This will work, but the i -> i is doing some automatic unboxing which is why it "feels" strange. mapToInt converts the stream to an IntStream "of primitive int-valued elements". Either of the following will work and better explain what the compiler is doing under the hood with your original syntax:
integers.values().stream().mapToInt(i -> i.intValue()).sum();
integers.values().stream().mapToInt(Integer::intValue).sum();
I suggest 2 more options:
integers.values().stream().mapToInt(Integer::intValue).sum();
integers.values().stream().collect(Collectors.summingInt(Integer::intValue));
The second one uses Collectors.summingInt() collector, there is also a summingLong() collector which you would use with mapToLong.
And a third option: Java 8 introduces a very effective LongAdder accumulator designed to speed-up summarizing in parallel streams and multi-thread environments.
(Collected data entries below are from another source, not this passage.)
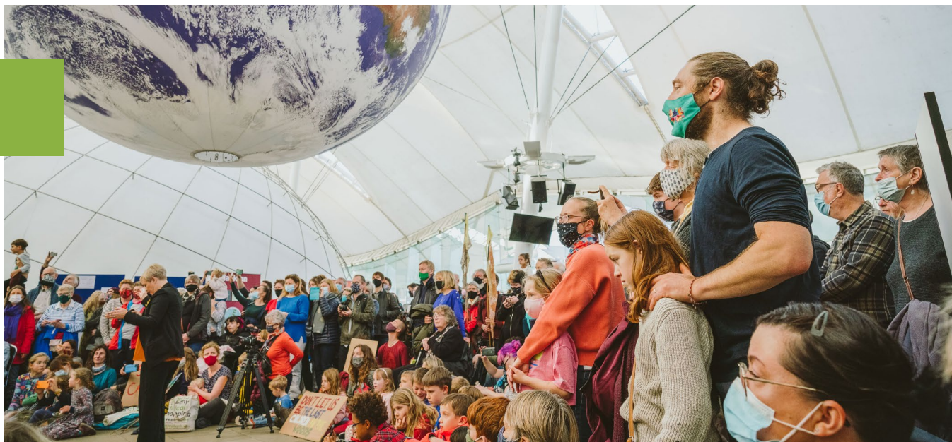
Soundhouse choir perform to an audience beneath Gaia as part of Dynamic Earth's Climate Science Showcase for Operation Earth
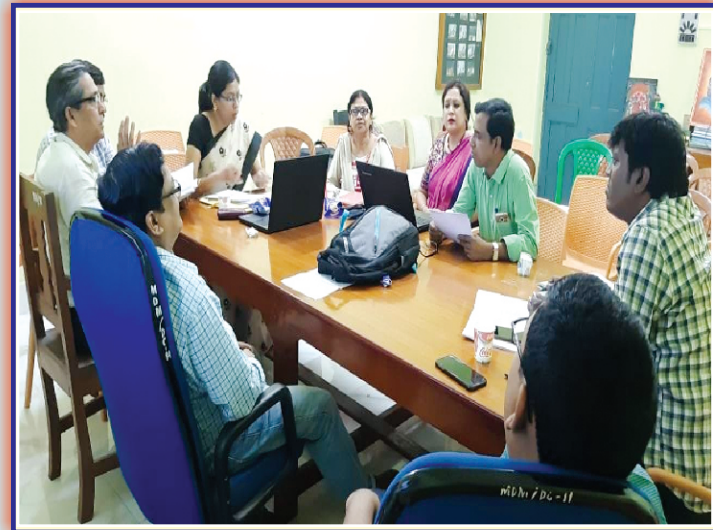
IQAC Members conducting meeting
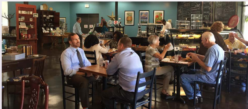
The Colleton Commercial Kitchen's retail café attracts a crowd for lunch.
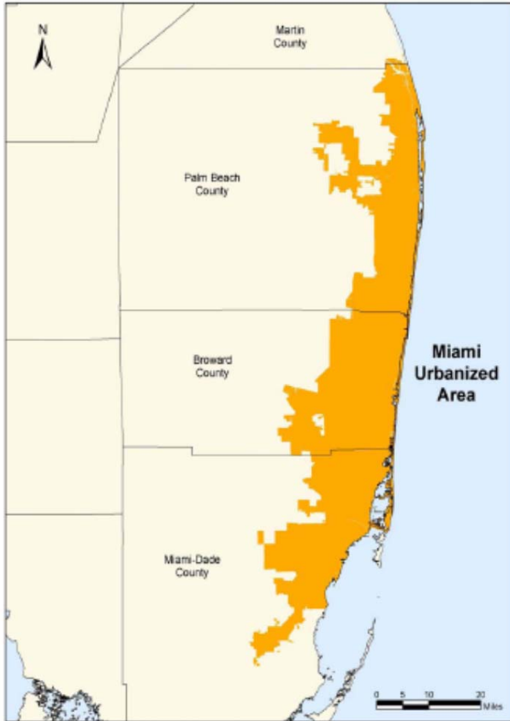
Map 1: Study Area
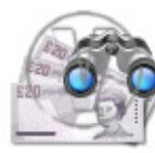
Money Pound Singles Find.png
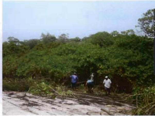
Brush at lower elevations.

Vegetation taking root in joints occurred in 4 to 5 locations, but did not appear to have penetrated the concrete panels.
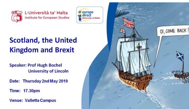
Poster of the event

for the relationship between Scotland and the rest of the UK, and indeed for the future of Scotland.

Here, here's an example use:
LongAdder a = new LongAdder();
map.values().parallelStream().forEach(a::add);
sum = a.intValue();
From the docs
Reduction operations
A reduction operation (also called a fold) takes a sequence of input elements and combines them into a single summary result by repeated application of a combining operation, such as finding the sum or maximum of a set of numbers, or accumulating elements into a list. The streams classes have multiple forms of general reduction operations, called reduce() and collect(), as well as multiple specialized reduction forms such as sum(), max(), or count().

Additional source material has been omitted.